**Work item**
Set down, word for word, every line of the material below from the one containing "- Add the greens" through the one containing "Okvir kreveta s", but none of its pictures.

**Raw data**

★ ★ ★

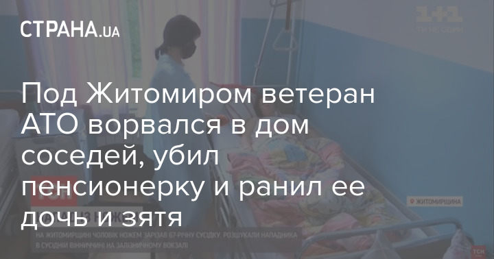 В Житомирской области 55-летний ветеран АТО ворвался в дом к соседям, убил 67-летнюю односельчанку, а ее дочь и зятя ударил ножом в грудь.
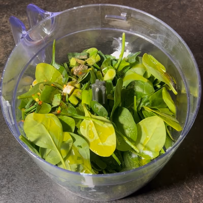 - Add the greens to a food processor along with ricotta, chili flakes, olive oil, salt, and pepper.
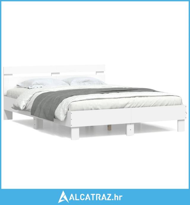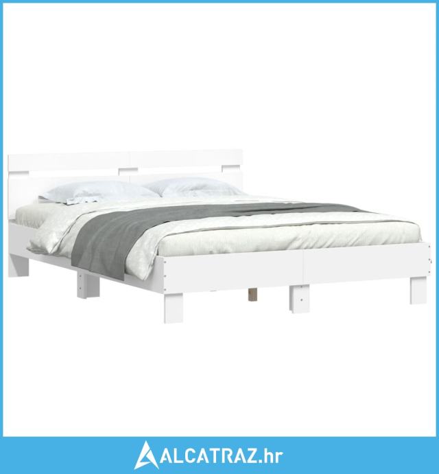 Okvir kreveta s uzglavljem bijeli 140x190 cm konstruiranog drva - NOVO
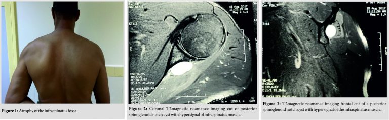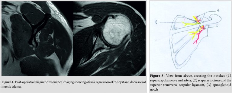 The suprascapular nerve originates from the brachial plexus (C4-C5-C6) and is essentially a motor nerve. It innervates the supra- and infra-spinatus muscles. It does not have a sensitive cutaneous territory. It is located about 2 cm from the capsule and passes through the supraspinatus fossa. Its path presents two critical points of passage(Fig. 5) [2]. A superior passage in the scapular incision which is closed at the top by the very solid superior transverse scapular ligament. An inferior and posterior passage at the spinoglenoid notch where it can be constrained by the inferior transverse scapular ligament. The muscular involvement may vary according to the seat of compression of the suprascapular nerve. The supraspinatus muscle is affected by compression at the level of its upper portion and that of the infraspinatus at its posterior portion. The causes of compression are multiple; the most common is a lesion of the labrum resulting in the formation of a cyst. The physiopathology is applicable toparameniscalcysts: The increase in intra-articular pressure drives the latter through the labral lesion, which forms a cyst. This pathology is rare with a ratio of 2–4% in the general population. However, it is often underestimated and diagnosed at a late stage [5,6]. In our case, only the infraspinatus muscle was concerned given the location of the cyst. The upper portion of the suprascapular nerve relevant to the supraspinatus muscle did not suffer from compression by the cyst. In consequence, there was no clinical sign of supraspinatus involvement, therefore, a negativeJobb test. Ductal syndromes of the suprascapular nerve are often seen at the stage of chronic neuropathy[1,2,5]. The patient consults for atypical pain suggestive of cervicobrachial neuralgia or rotator cuff syndrome. The initial pain is often diurnal and nocturnal, to become secondarily mechanical. Clinical examination will essentially check for a decrease in external rotation muscle strength, as well as amyotrophy of the supraspinatus fossa by palpation and amyotrophy of the infraspinatus fossa which can be clearly visible [2,3,4]. MRI and arthro-MRI are currently considered as the reference examinations for the positive, topographical, and etiological diagnosis of suprascapular nerve entrapment[7]. They allow the diagnosis as well as evaluation of muscular denervation. The most common radiologic signs are edema, atrophy, and fatty degeneration. Muscular pain is initially manifested by the presence of edema, which is a sensitive and specific sign of muscular denervation. It is a T2 diffuse hypersignal, homogeneous and concerns all the muscle. The topography corresponds to the territory of the motor branch intended for supra- or infra-spinatus. TheT2 hypersignal of the infraspinatus muscle was very visible on MRI sections in our patient (Fig. 2 and 3). Muscular atrophy and fatty degeneration become visible in chronic cases with a long evolution[5,8]. Arthro-MRI highlights its articular origin by seeking a lesion of the labrum. Computed tomography (CT) arthrography is often negative, and only the indirect sign of fat disappearing from the spinoglenoid indentation can suggest the diagnosis [7]. Nerve conductionstudies maybe helpful in confirming the diagnosis and have a greatprognostic value by giving information on the severity of the lesions. The non-operative treatment options are varied and include oral medications including nonsteroidal anti-inflammatory drugs as well as percutaneous needle aspiration associated with intralesional steroid injection. However, symptomatic paralabral cysts causing muscular atrophy that fails to respond to conservative treatment should be treated surgically. Several studies shown high prevalence of labral tears in connection with spinoglenoid cysts and have suggested a high recurrence rate if the intra-articular labral pathologic process is not addressed [1,5,6]. Schroder[6] objectified a recurrence rate close to 0% after labral repair. Hence, surgical treatment should not be limited to the resection of the cyst, but the labral lesion must be repaired to prevent recurrence[5,6,9,10].

★ ★ ★

**Exercise answer**
 - Add the greens to a food processor along with ricotta, chili flakes, olive oil, salt, and pepper.
 Okvir kreveta s uzglavljem bijeli 140x190 cm konstruiranog drva - NOVO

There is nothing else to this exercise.